Usai perburuan, polisi sukses mengamankan BAI di rumahnya di Jalan Tembingkar Kanan Pemurus Dalam Kompleks Graha Tembikar Permai Blok 7, Kecamatan Kertak Hanyar, Kabupaten Banjar.
Dari keterangan BAI, rupanya ia tak beraksi sendirian. Ada dugaan kongkalikong dengan salah satu pegawai gudang berinisial AK yang sudah masuk DPO.

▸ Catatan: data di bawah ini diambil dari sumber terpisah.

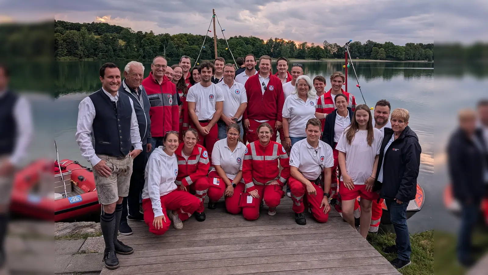 Traditionell lud die Wasserwacht anlässlich des Brillantfeuerwerks auf dem Siedlerfest zu einem gemütlichen Abend in der Wasserwacht-Station am Ufer des Sees ein. Neben den ehrenamtlichen Mitgliedern und Leitungskräften der Wasserwacht wie Tobias Gierlinger waren auch der BRK-Kreisvorsitzende Bernhard Seidenath und seine Stellvertreterin Angelika Gumowski gekommen.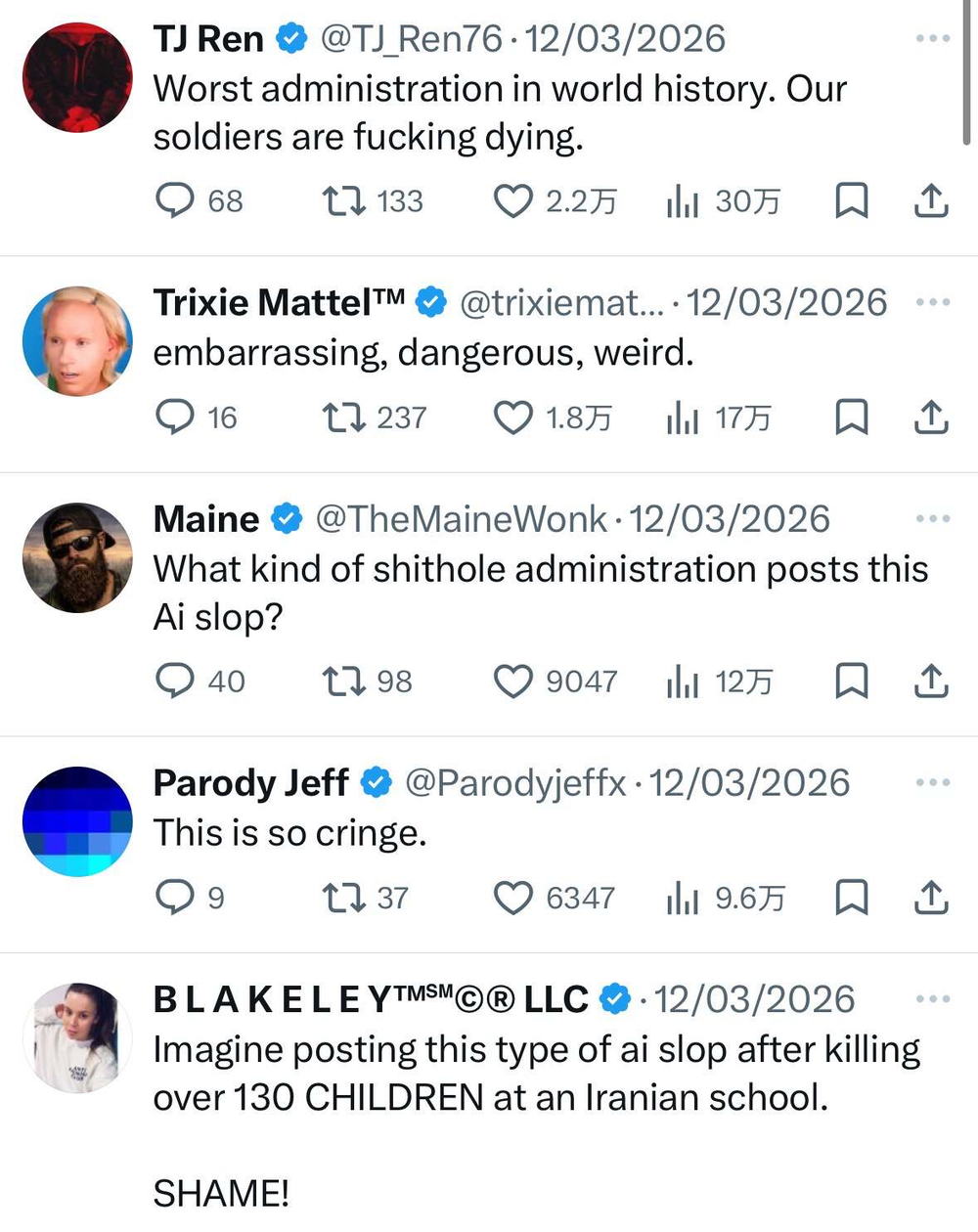 因此,白宫戏谑式的调侃让所有网民都感到愤怒。评论区几乎全是谩骂的声音。政府的嬉闹和人们的怒火,勾勒出一个比动画还要魔幻的世界。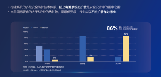 可以看到,2019年有一半的客户对热扩散没有要求;2020年有超过80%的客户要求和国标一致,即热扩散时间不小于5分钟即可,还有14%的客户要求系统不发生热扩散;2021年客户的安全要求有了彻底改变,已有86%的客户要求电池包不发生热扩散。宁德时代的客户基本覆盖了国内外绝大部分车企,这说明不热扩散已经成为车企对电池系统安全性的普遍要求。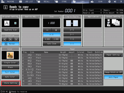 supplementary explanationWith HDD Store or Hold selected, the message Press [Start] to scan originals is displayed in the message area of the COPY screen.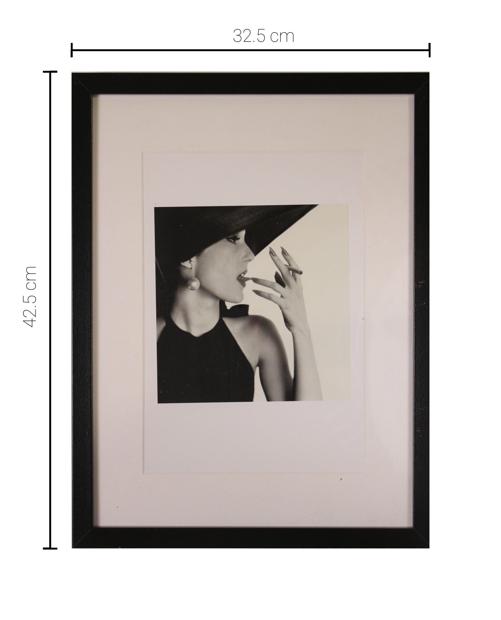 The image captures a captivating moment of a woman wearing a black hat and a black dress, as she leans forward and smokes a cigarette. The woman’s gaze is directed towards the camera, creating a sense of intimacy and connection with the viewer. The black and white nature of the photograph adds a timeless and classic quality to the scene. The woman’s elegant attire and the act of smoking a cigarette evoke a sense of sophistication and a hint of mystery, inviting the viewer to ponder the story behind the image.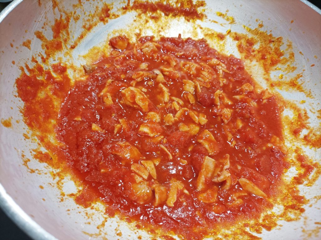 Dans le wok, mettez de l’huile pour couvrir le fond et l’ail, faites revenir et ajoutez la tomate. Faites cuire pendant 15 minutes.

Kanit menguraikan, AK adalah penanggung jawab gudang, sementara BAI adalah kernet mobil angkutan yang mengambil barang.
“Saat proses bongkar muat, AK memberikan kode kepada BAI kapan dia harus mengambil barang tersebut,” ungkap Ipda Ginting.
Berhasil menggondol karung berisi ponsel, BAI kemudian menjualnya ke berbagai konter di daerah Hulu Sungai dan Banjarmasin.
Ia mendapatkan hasil penjualan sekitar Rp60 juta, yang semuanya telah digunakan untuk bermain slot gim atau judi daring serta kebutuhan hidup sehari-hari.
“Sedangkan AK diketahui membawa satu unit ponsel curian tersebut dan belum menerima hasil penjualan ponsel lainnya dari BAI,” ucap Kanit reskrim.
“Untuk satu tersangka lainnya masih kami buru,” tutupnya.
Saat ini, BAI beserta barang bukti yang tersisa yakni 5 unit Vivo yang belum terjual, dibawa ke Polsek Banjarmasin Barat.
Atas perbuatannya, BAI disangkakan pasal Pasal 363 KUHP tentang Pencurian dengan Pemberatan.